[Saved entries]
- Opening Delimiter -
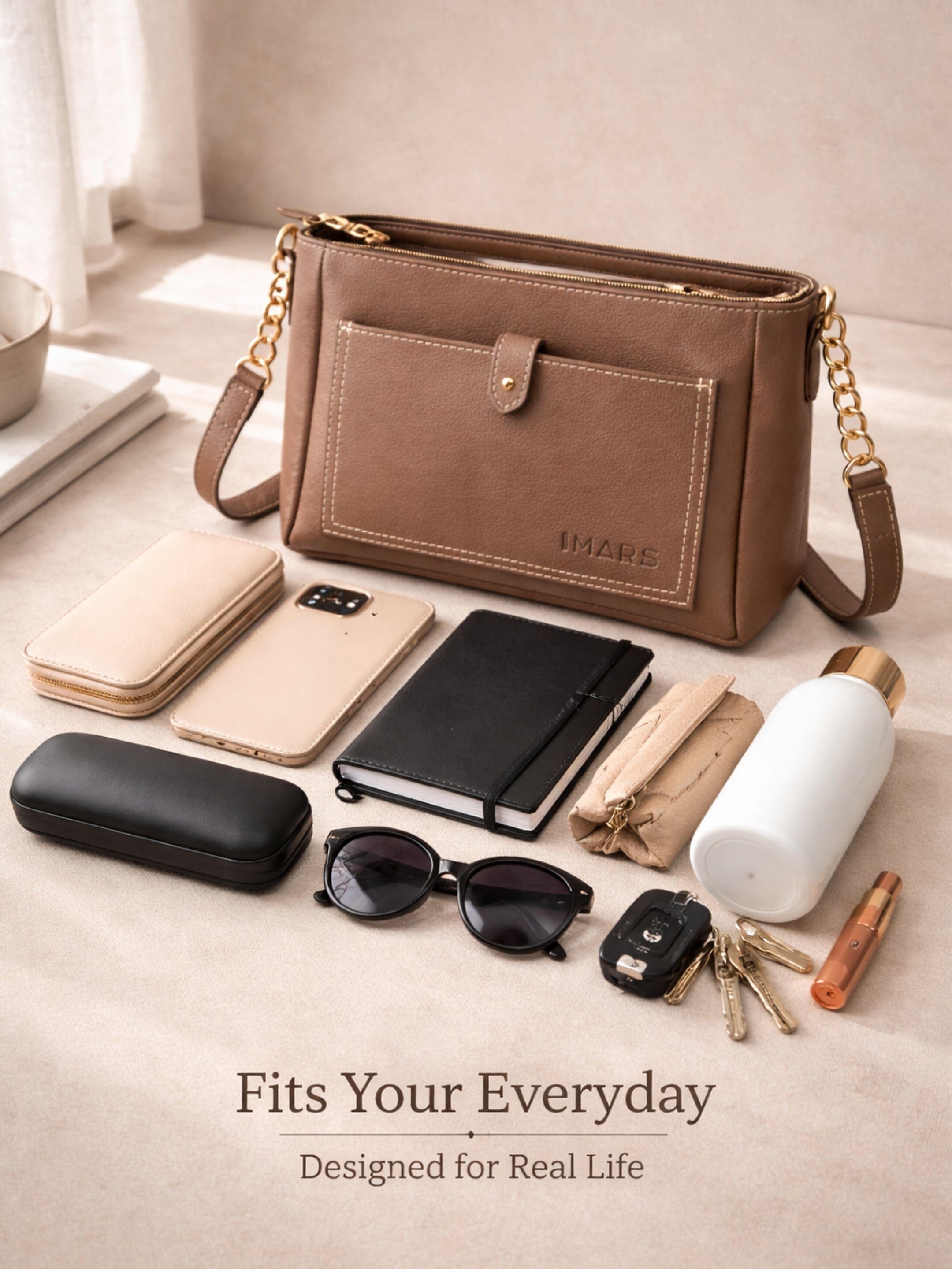• Spacious Main Compartment – Fits daily essentials like phone, wallet, makeup & more
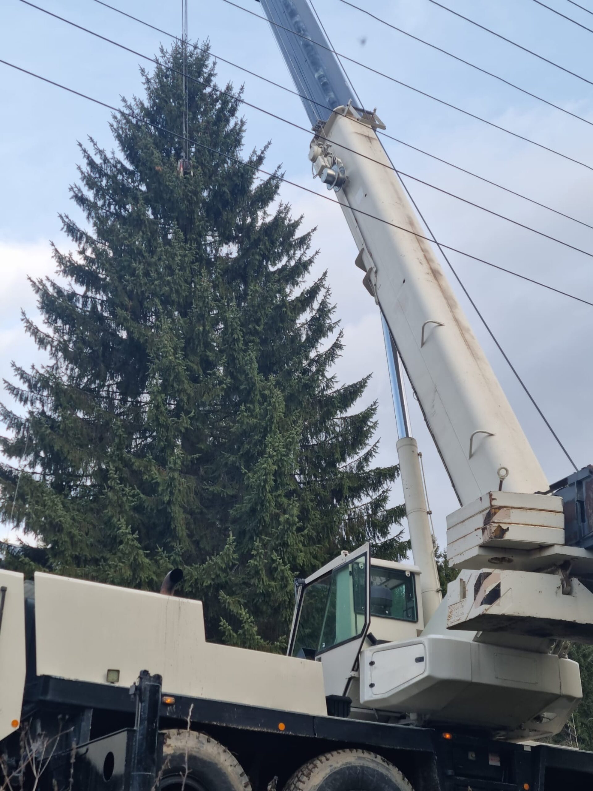 La amplasarea sa pe poziție, înălțimea va fi ajustată, dar coroana sa falnică, care urmează să fie împodobită cu luminițe și beteală, va fi cu siguranță un element de atracție în perioada sărbătorilor de iarnă.
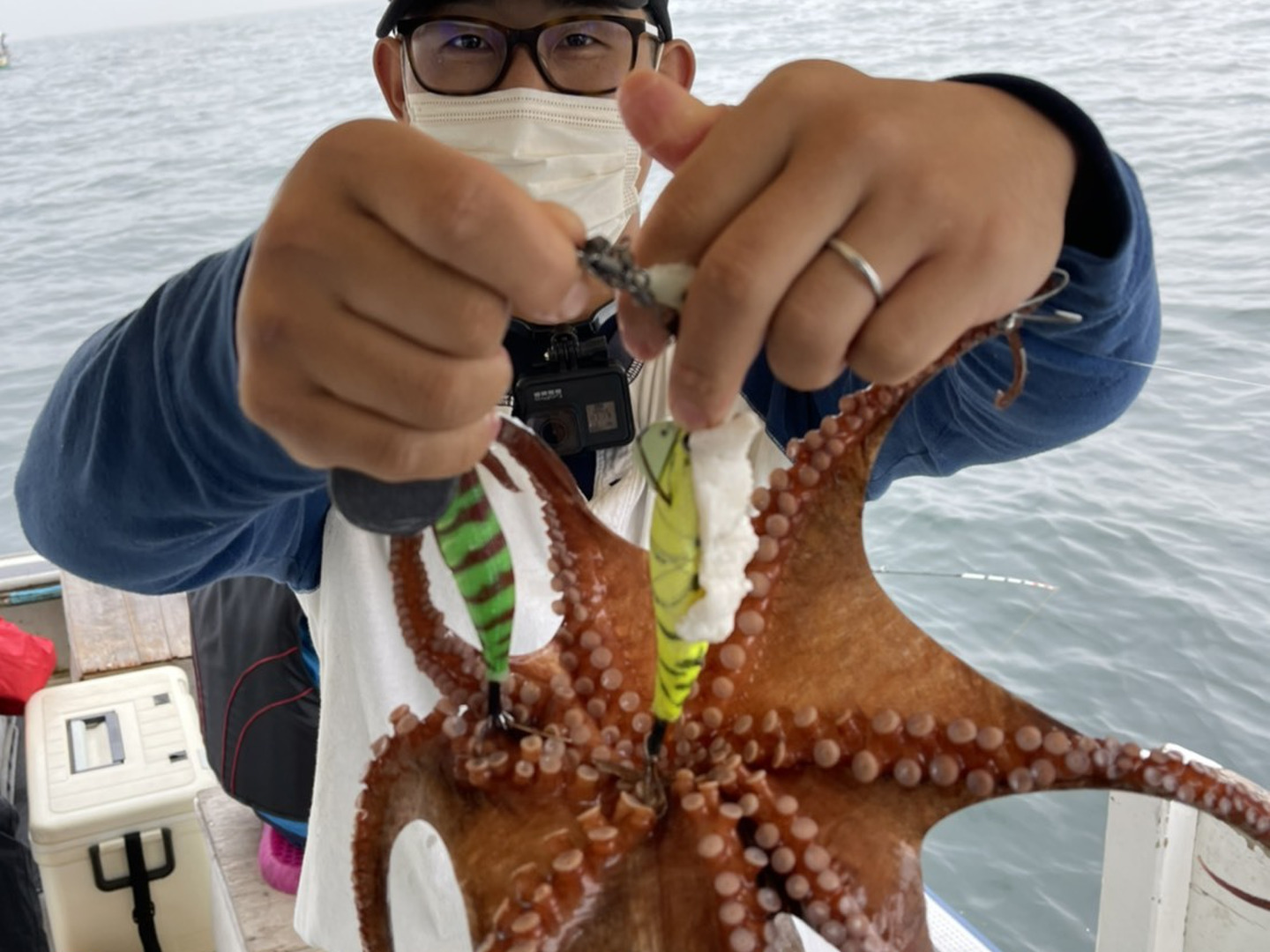 タコは一度冷凍してからのほうが、塩もみする際にヌメリが取れやすく、身も柔らかくなりますので、釣り上げてすぐに締めて冷凍しました。
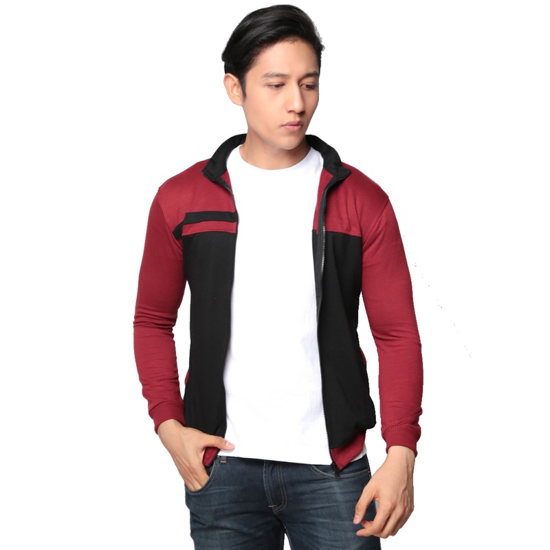 Tipe penutup jaket pakai resleting Ada 2 saku (kiri dan kanan) Lengan panjang dengan karet di pergelangan tangan
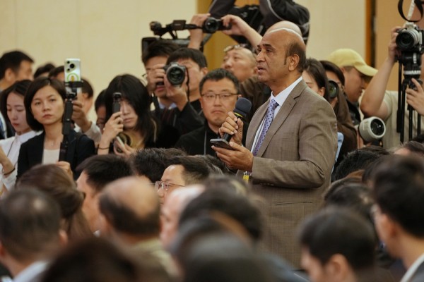 3月8日,十四届全国人大四次会议在北京梅地亚中心新闻发布厅举行外交主题记者会。这是中外记者提问。
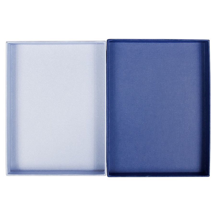 Коробка крышка/дно. Материал коробки: формованный мелованный картон, толщина стенок 2 мм, кашированный дизайнерской однотонной бумагой синего цвета.
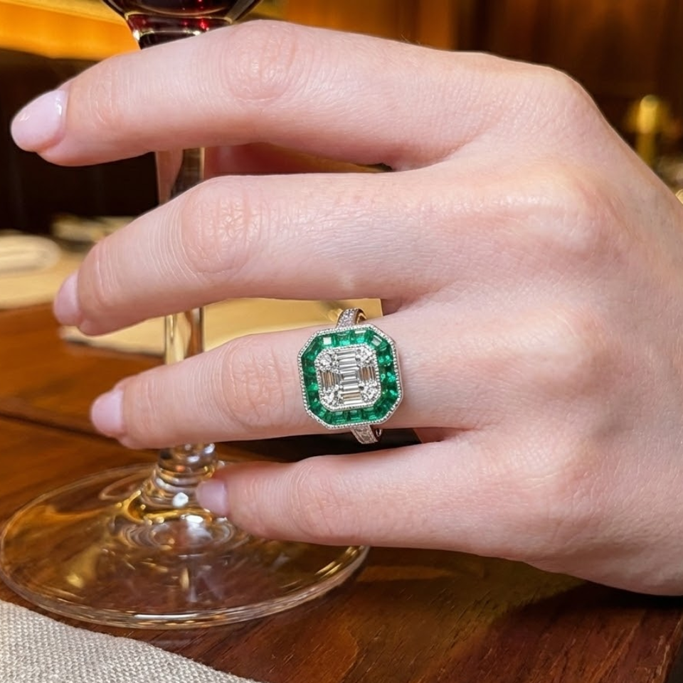 แหวนทอง 18k ดีไซน์มรกตฟิลลิกรี สไตล์วินเทจ ประดับเพชรแท้ ขายส่ง เครื่องประดับอัญมณีธรรมชาติ คุณภาพดี แหวนเครื่องประดับ
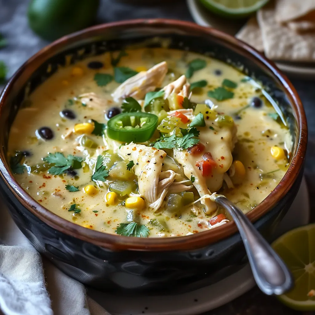 Savor a tasty slow cooker green enchilada chicken soup Perfect for busy days its simple to make and bursting with flavor in every bowl
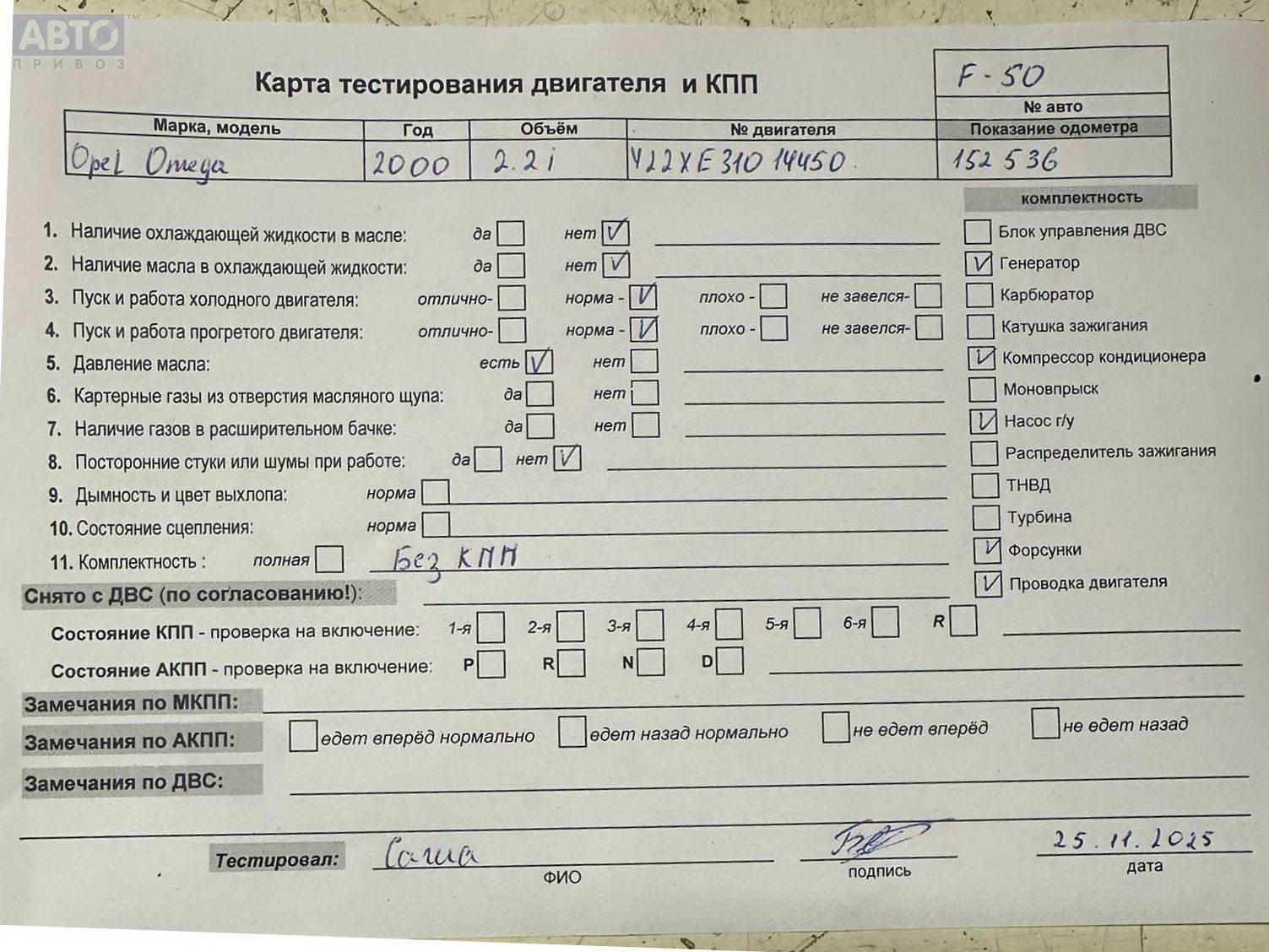 | Марка / Модель / Год: | Opel Omega B (1994-2003) 2000 |
- Closing Delimiter -
EXERCISE OBJECTIVE
Copy the data word for word, no pictures.

TASK RESPONSE
• Spacious Main Compartment – Fits daily essentials like phone, wallet, makeup & more
 La amplasarea sa pe poziție, înălțimea va fi ajustată, dar coroana sa falnică, care urmează să fie împodobită cu luminițe și beteală, va fi cu siguranță un element de atracție în perioada sărbătorilor de iarnă.
 タコは一度冷凍してからのほうが、塩もみする際にヌメリが取れやすく、身も柔らかくなりますので、釣り上げてすぐに締めて冷凍しました。
 Tipe penutup jaket pakai resleting Ada 2 saku (kiri dan kanan) Lengan panjang dengan karet di pergelangan tangan
 3月8日,十四届全国人大四次会议在北京梅地亚中心新闻发布厅举行外交主题记者会。这是中外记者提问。
 Коробка крышка/дно. Материал коробки: формованный мелованный картон, толщина стенок 2 мм, кашированный дизайнерской однотонной бумагой синего цвета.
 แหวนทอง 18k ดีไซน์มรกตฟิลลิกรี สไตล์วินเทจ ประดับเพชรแท้ ขายส่ง เครื่องประดับอัญมณีธรรมชาติ คุณภาพดี แหวนเครื่องประดับ
 Savor a tasty slow cooker green enchilada chicken soup Perfect for busy days its simple to make and bursting with flavor in every bowl
 | Марка / Модель / Год: | Opel Omega B (1994-2003) 2000 |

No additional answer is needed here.